In full and exactly, reproduce the entries below, but omit the pictures.

____ DATA PROVIDED

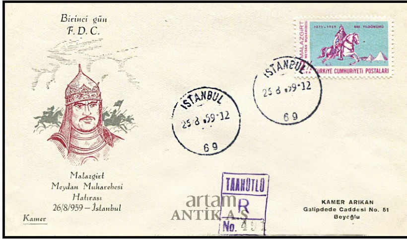
Görsel 2. Malazgirt Meydan Muharebesi'nin 888. Yıl Dönümü başlıklı ilk gün zarfı 41x26 mm.
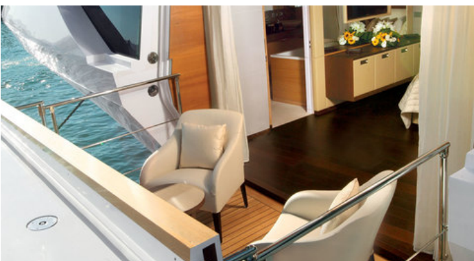
Балкон в каюте владельца
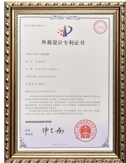
Патент No.: 201630655323.4.
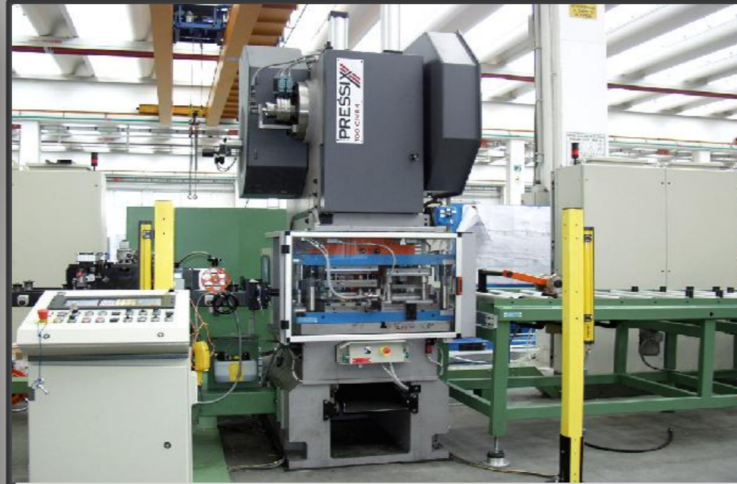
Pressa completa dello stampo

Linea per produzione grigliati da nastro per canalette scarico acqua a forma di "C" semplice e a forma di "T". N°2 attrezzature (serie di rulli) diverse montate appaiate sulla profilatrice. Il taglio e la punzonatura vengono eseguiti prima della profilatura in modo da non cambiare stampi di taglio. Il cambio di larghezza sulla profilatrice avviene con distanziali. Tra la pressa di punzonatura e il taglio e la profilatrice (piegatura) abbiamo una rulliera motorizzata di trasporto con un sistema di centraggio da un profilo a un altro. Scaricatore - impilatore in opzione.
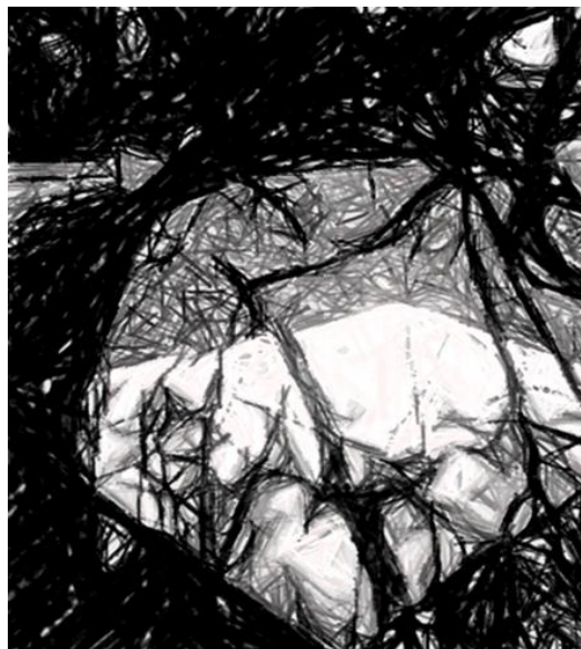
Figura 6: Desenho das Sombras.

Chove torto no vão das árvores. Chove nos pássaros e nas pedras. O rio ficou de pé e me olha pelos vidros. Alcanço com as mãos o cheiro dos telhados. Crianças fugindo das águas. Se esconderam na casa. (BARROS, Manoel, 2015, s/p.)
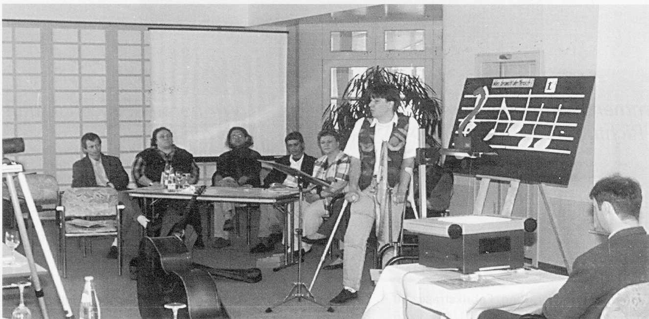
«Was braucht der Mensch?» – Aus der Präsentation der Projektarbeit der Gruppe 2.
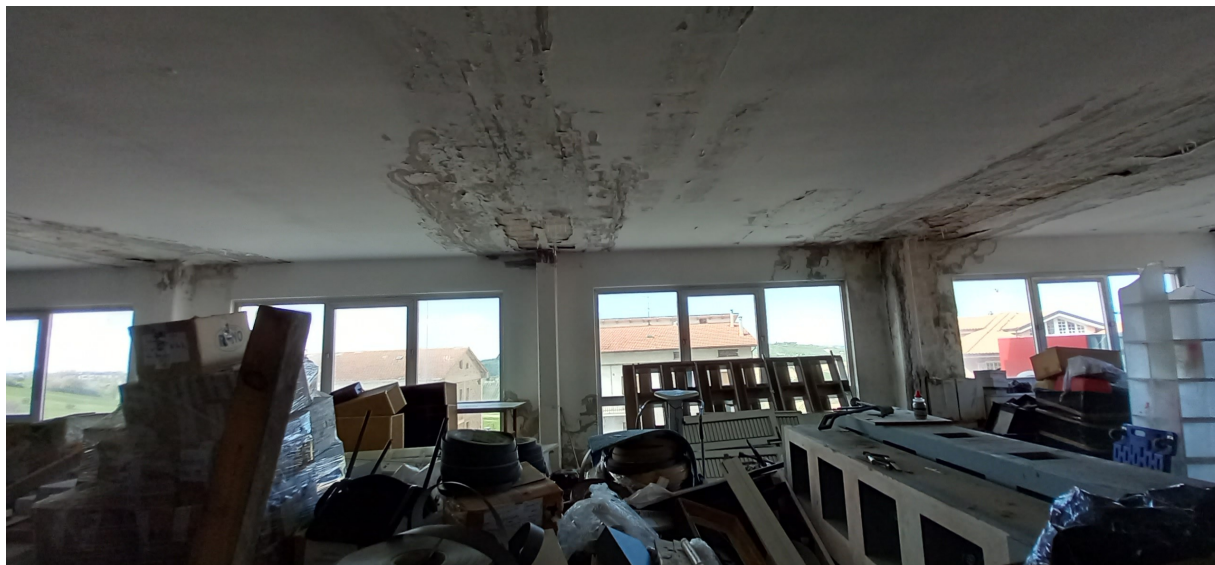
SUB 35 (P.LLA 878) – LOTTO 1
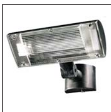
Für Wand- und Deckenmontage
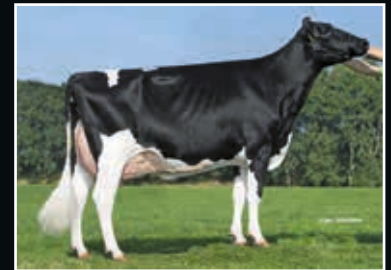
A-L-H Australia RDC VG 87
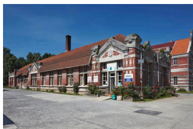
Vue générale des ateliers. IVR31_20105900340NUCA
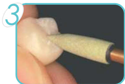
Tc4 – No. 20: Acabamento Detalhado Ideal para ajuste das cristas e da oclusão
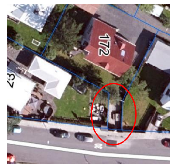
Loftmynd tekin úr borgarvefsjá
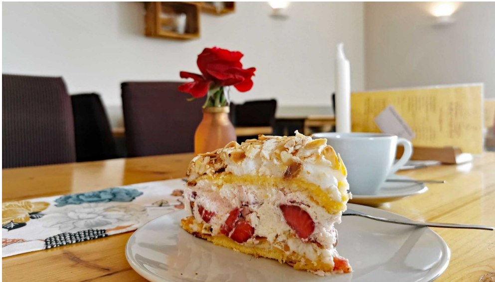
Kleines Kaffeestübchen: Trümmertorte
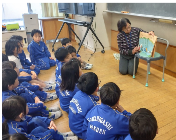
～ 読み聞かせの様子 ～
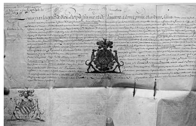
9. Грамота короля Людовика XIV Фонтенбло, 1679 Пергамент Институт истории РАН, Санкт-Петербург
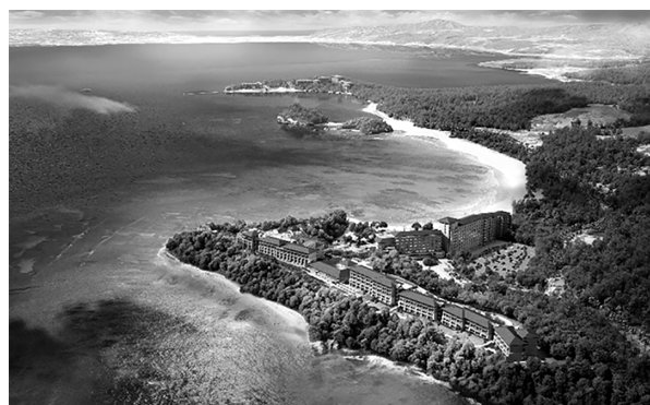
「ハレクラニ沖縄」のイメージ(三井不動産)

ハワイ・ワイキキビーチの高級ホテルブランドだが、海外への進出は今回が初。全長約1・7kmキロの海岸線に面した立地で、敷地面積約
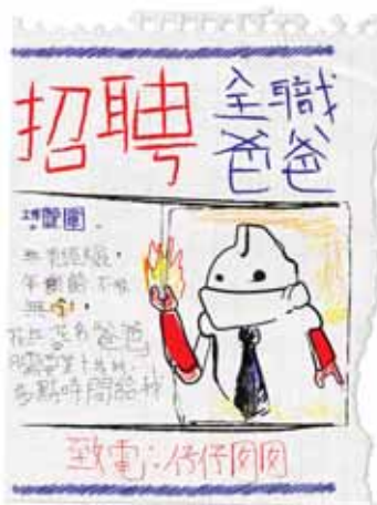
illustration by MT

也想跟太太說一聲對不起，與妳一起的時候，我總會用一半的腦袋籌算著如何解決公司的問題，忽略了要緊密地跟你一起面對家裡經濟和兒女成長的問題，還有妳情感上的需要。我明白妳很擔心我的工作，我已不斷嘗試離開這困局，但天父就是要我在這境況下不斷更新和學習。感激妳一直對我的支持。
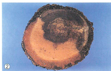
②主幹部枯れの縦断面
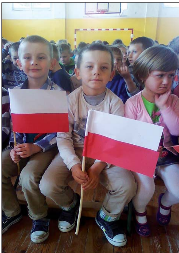
Dzieci uczestniczyły w akademii z okazji rocznicy uchwalenia Konstytucji 3 Maja

________

TASK RESULT
Görsel 2. Malazgirt Meydan Muharebesi'nin 888. Yıl Dönümü başlıklı ilk gün zarfı 41x26 mm.
Балкон в каюте владельца
Патент No.: 201630655323.4.
Pressa completa dello stampo

Linea per produzione grigliati da nastro per canalette scarico acqua a forma di "C" semplice e a forma di "T". N°2 attrezzature (serie di rulli) diverse montate appaiate sulla profilatrice. Il taglio e la punzonatura vengono eseguiti prima della profilatura in modo da non cambiare stampi di taglio. Il cambio di larghezza sulla profilatrice avviene con distanziali. Tra la pressa di punzonatura e il taglio e la profilatrice (piegatura) abbiamo una rulliera motorizzata di trasporto con un sistema di centraggio da un profilo a un altro. Scaricatore - impilatore in opzione.
Figura 6: Desenho das Sombras.

Chove torto no vão das árvores. Chove nos pássaros e nas pedras. O rio ficou de pé e me olha pelos vidros. Alcanço com as mãos o cheiro dos telhados. Crianças fugindo das águas. Se esconderam na casa. (BARROS, Manoel, 2015, s/p.)
«Was braucht der Mensch?» – Aus der Präsentation der Projektarbeit der Gruppe 2.
SUB 35 (P.LLA 878) – LOTTO 1
Für Wand- und Deckenmontage
A-L-H Australia RDC VG 87
Vue générale des ateliers. IVR31_20105900340NUCA
Tc4 – No. 20: Acabamento Detalhado Ideal para ajuste das cristas e da oclusão
Loftmynd tekin úr borgarvefsjá
Kleines Kaffeestübchen: Trümmertorte
～ 読み聞かせの様子 ～
9. Грамота короля Людовика XIV Фонтенбло, 1679 Пергамент Институт истории РАН, Санкт-Петербург
「ハレクラニ沖縄」のイメージ(三井不動産)

ハワイ・ワイキキビーチの高級ホテルブランドだが、海外への進出は今回が初。全長約1・7kmキロの海岸線に面した立地で、敷地面積約
illustration by MT

也想跟太太說一聲對不起，與妳一起的時候，我總會用一半的腦袋籌算著如何解決公司的問題，忽略了要緊密地跟你一起面對家裡經濟和兒女成長的問題，還有妳情感上的需要。我明白妳很擔心我的工作，我已不斷嘗試離開這困局，但天父就是要我在這境況下不斷更新和學習。感激妳一直對我的支持。
②主幹部枯れの縦断面
Dzieci uczestniczyły w akademii z okazji rocznicy uchwalenia Konstytucji 3 Maja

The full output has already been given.